Exercise goal: The answer must be every line from the listing that holds the string "other".

Dataset:

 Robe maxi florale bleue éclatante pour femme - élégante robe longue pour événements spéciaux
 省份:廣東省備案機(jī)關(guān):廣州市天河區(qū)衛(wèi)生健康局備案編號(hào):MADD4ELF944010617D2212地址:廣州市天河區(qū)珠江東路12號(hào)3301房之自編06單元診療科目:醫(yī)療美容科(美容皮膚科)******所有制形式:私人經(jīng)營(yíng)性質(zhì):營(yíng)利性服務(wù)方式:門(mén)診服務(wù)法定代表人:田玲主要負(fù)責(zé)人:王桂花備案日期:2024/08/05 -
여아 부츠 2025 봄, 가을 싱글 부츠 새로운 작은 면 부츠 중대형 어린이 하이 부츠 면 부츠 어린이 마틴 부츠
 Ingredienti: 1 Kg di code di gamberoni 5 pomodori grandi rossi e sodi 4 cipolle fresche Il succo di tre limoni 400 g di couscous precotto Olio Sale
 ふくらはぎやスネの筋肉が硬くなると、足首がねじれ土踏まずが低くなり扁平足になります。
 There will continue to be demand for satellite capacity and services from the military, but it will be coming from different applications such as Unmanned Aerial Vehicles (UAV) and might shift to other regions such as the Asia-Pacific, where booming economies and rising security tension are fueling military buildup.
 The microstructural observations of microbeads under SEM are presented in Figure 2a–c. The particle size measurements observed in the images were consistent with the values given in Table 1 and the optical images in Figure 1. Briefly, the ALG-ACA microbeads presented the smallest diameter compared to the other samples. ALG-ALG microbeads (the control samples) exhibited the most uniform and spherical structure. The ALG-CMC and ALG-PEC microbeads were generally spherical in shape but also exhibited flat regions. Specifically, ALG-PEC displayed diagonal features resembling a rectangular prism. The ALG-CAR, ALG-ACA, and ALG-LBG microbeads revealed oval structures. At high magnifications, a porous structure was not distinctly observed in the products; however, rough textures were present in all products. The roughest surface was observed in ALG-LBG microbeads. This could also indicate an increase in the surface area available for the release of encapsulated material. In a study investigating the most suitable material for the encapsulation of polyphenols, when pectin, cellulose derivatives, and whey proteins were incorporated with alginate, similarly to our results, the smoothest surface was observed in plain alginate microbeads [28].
--
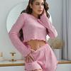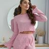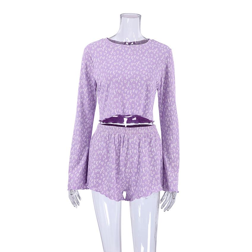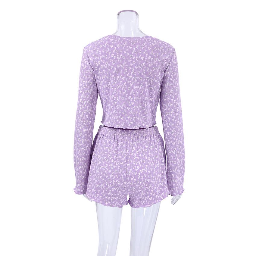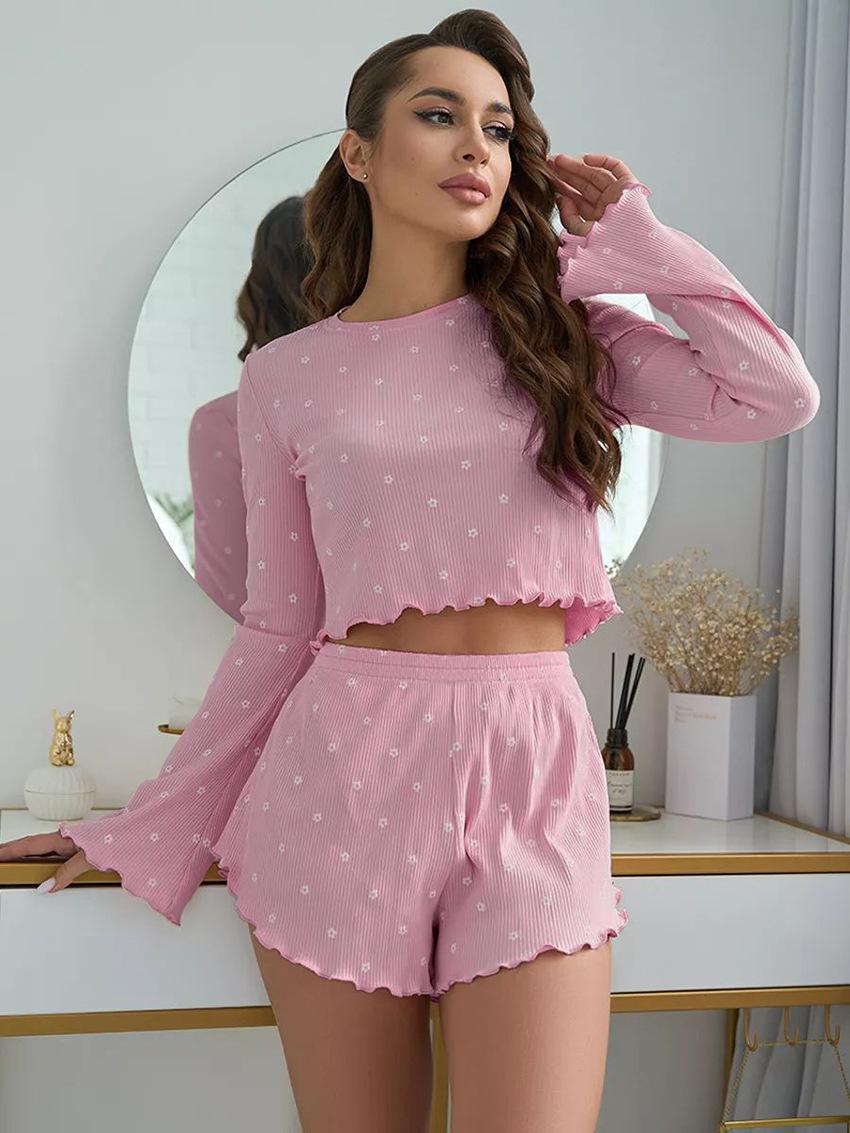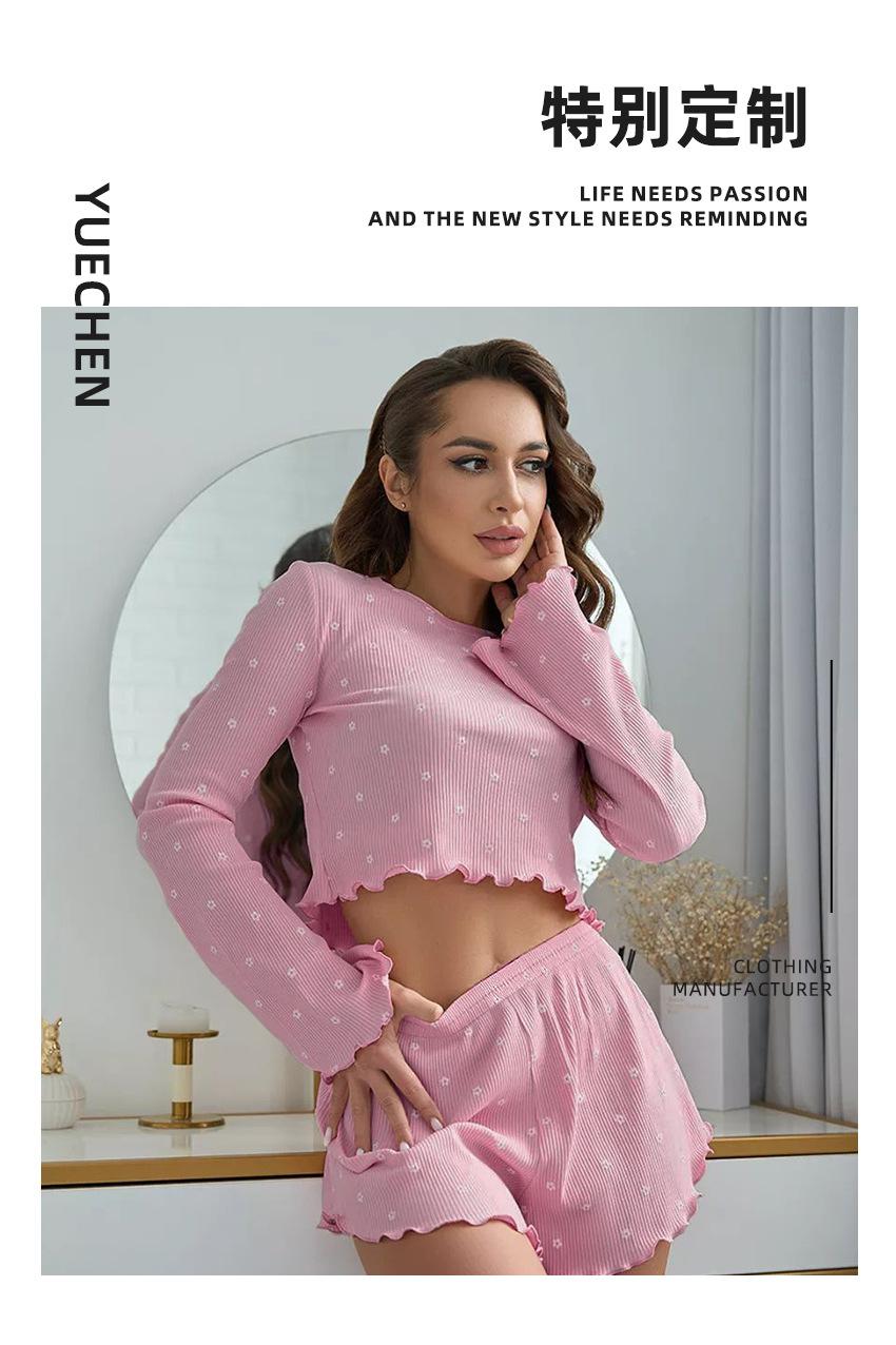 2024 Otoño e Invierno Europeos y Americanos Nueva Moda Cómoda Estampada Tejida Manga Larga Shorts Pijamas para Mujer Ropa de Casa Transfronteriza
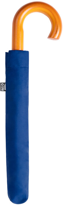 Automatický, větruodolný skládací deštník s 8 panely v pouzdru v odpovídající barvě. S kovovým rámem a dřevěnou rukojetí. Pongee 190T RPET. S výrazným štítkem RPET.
---
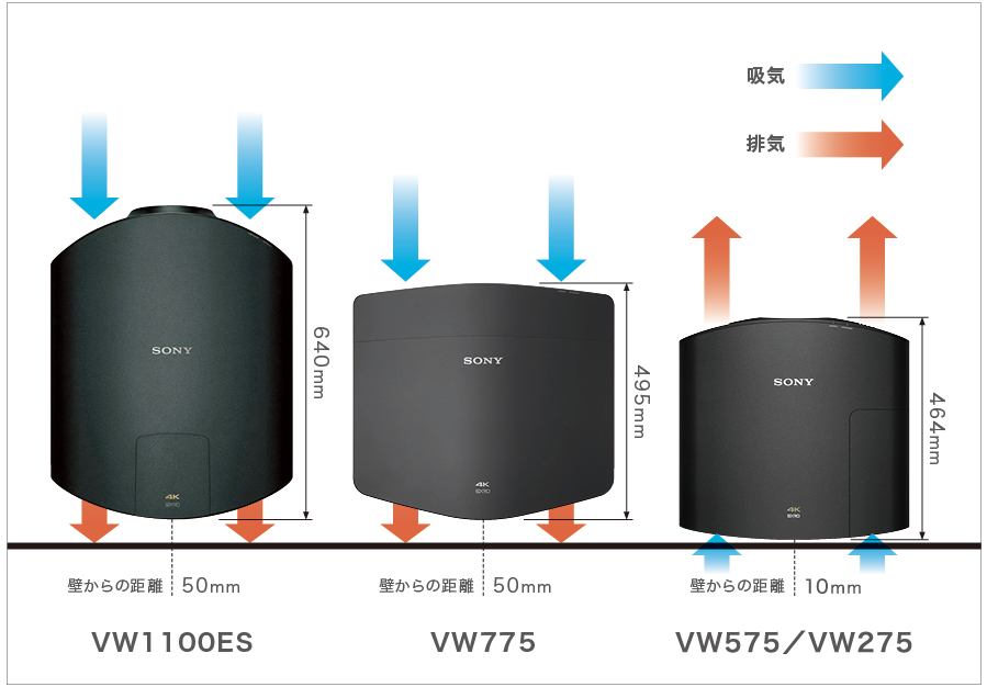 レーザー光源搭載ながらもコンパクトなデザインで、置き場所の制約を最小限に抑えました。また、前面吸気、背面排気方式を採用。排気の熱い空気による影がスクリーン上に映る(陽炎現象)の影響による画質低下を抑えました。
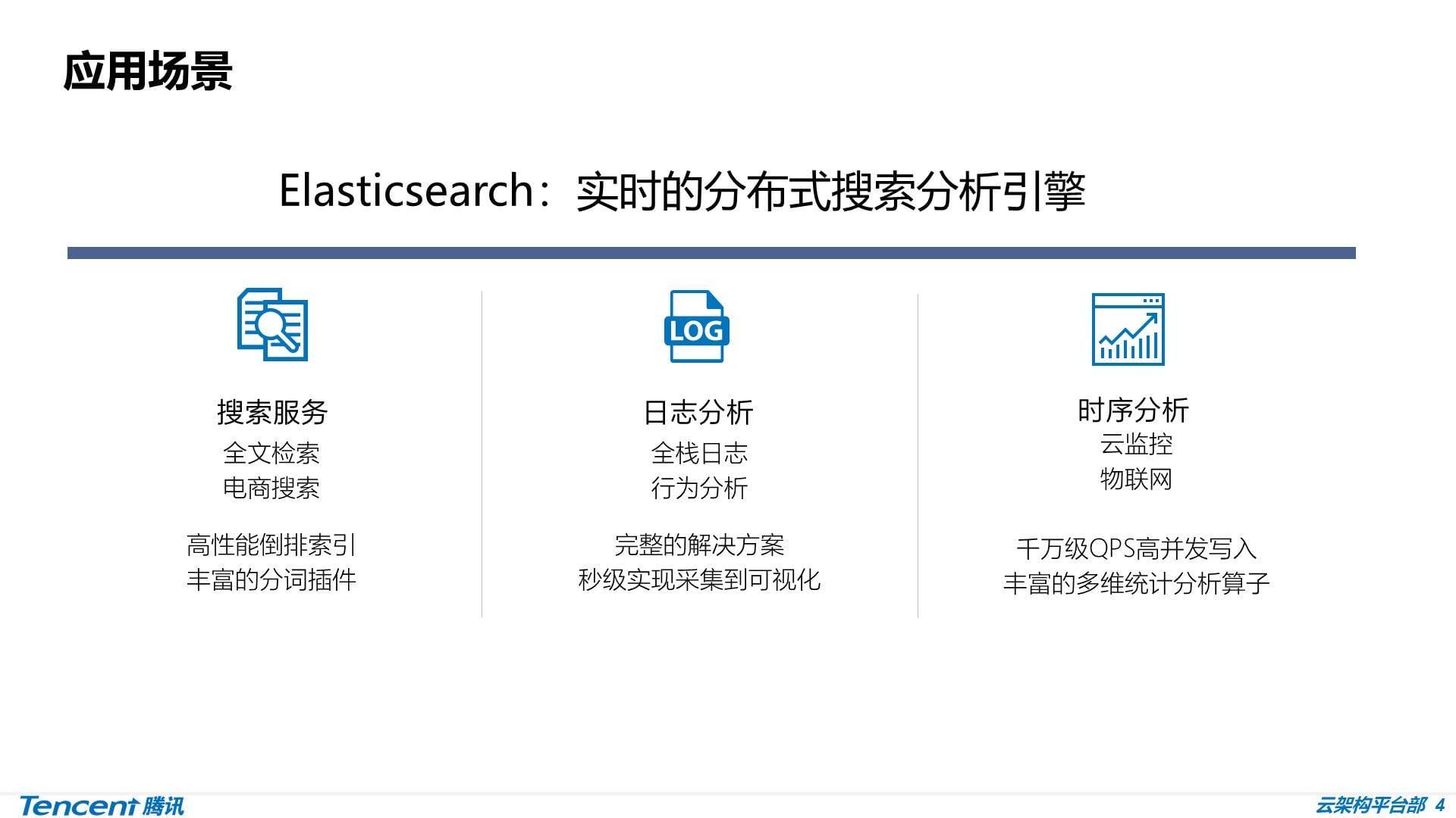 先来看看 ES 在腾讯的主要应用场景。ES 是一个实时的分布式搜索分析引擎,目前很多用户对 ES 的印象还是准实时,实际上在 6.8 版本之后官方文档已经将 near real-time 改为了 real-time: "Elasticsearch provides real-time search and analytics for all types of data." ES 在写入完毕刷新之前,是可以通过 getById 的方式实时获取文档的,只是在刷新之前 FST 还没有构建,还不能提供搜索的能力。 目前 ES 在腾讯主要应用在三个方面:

Task answer:
 There will continue to be demand for satellite capacity and services from the military, but it will be coming from different applications such as Unmanned Aerial Vehicles (UAV) and might shift to other regions such as the Asia-Pacific, where booming economies and rising security tension are fueling military buildup.
 The microstructural observations of microbeads under SEM are presented in Figure 2a–c. The particle size measurements observed in the images were consistent with the values given in Table 1 and the optical images in Figure 1. Briefly, the ALG-ACA microbeads presented the smallest diameter compared to the other samples. ALG-ALG microbeads (the control samples) exhibited the most uniform and spherical structure. The ALG-CMC and ALG-PEC microbeads were generally spherical in shape but also exhibited flat regions. Specifically, ALG-PEC displayed diagonal features resembling a rectangular prism. The ALG-CAR, ALG-ACA, and ALG-LBG microbeads revealed oval structures. At high magnifications, a porous structure was not distinctly observed in the products; however, rough textures were present in all products. The roughest surface was observed in ALG-LBG microbeads. This could also indicate an increase in the surface area available for the release of encapsulated material. In a study investigating the most suitable material for the encapsulation of polyphenols, when pectin, cellulose derivatives, and whey proteins were incorporated with alginate, similarly to our results, the smoothest surface was observed in plain alginate microbeads [28].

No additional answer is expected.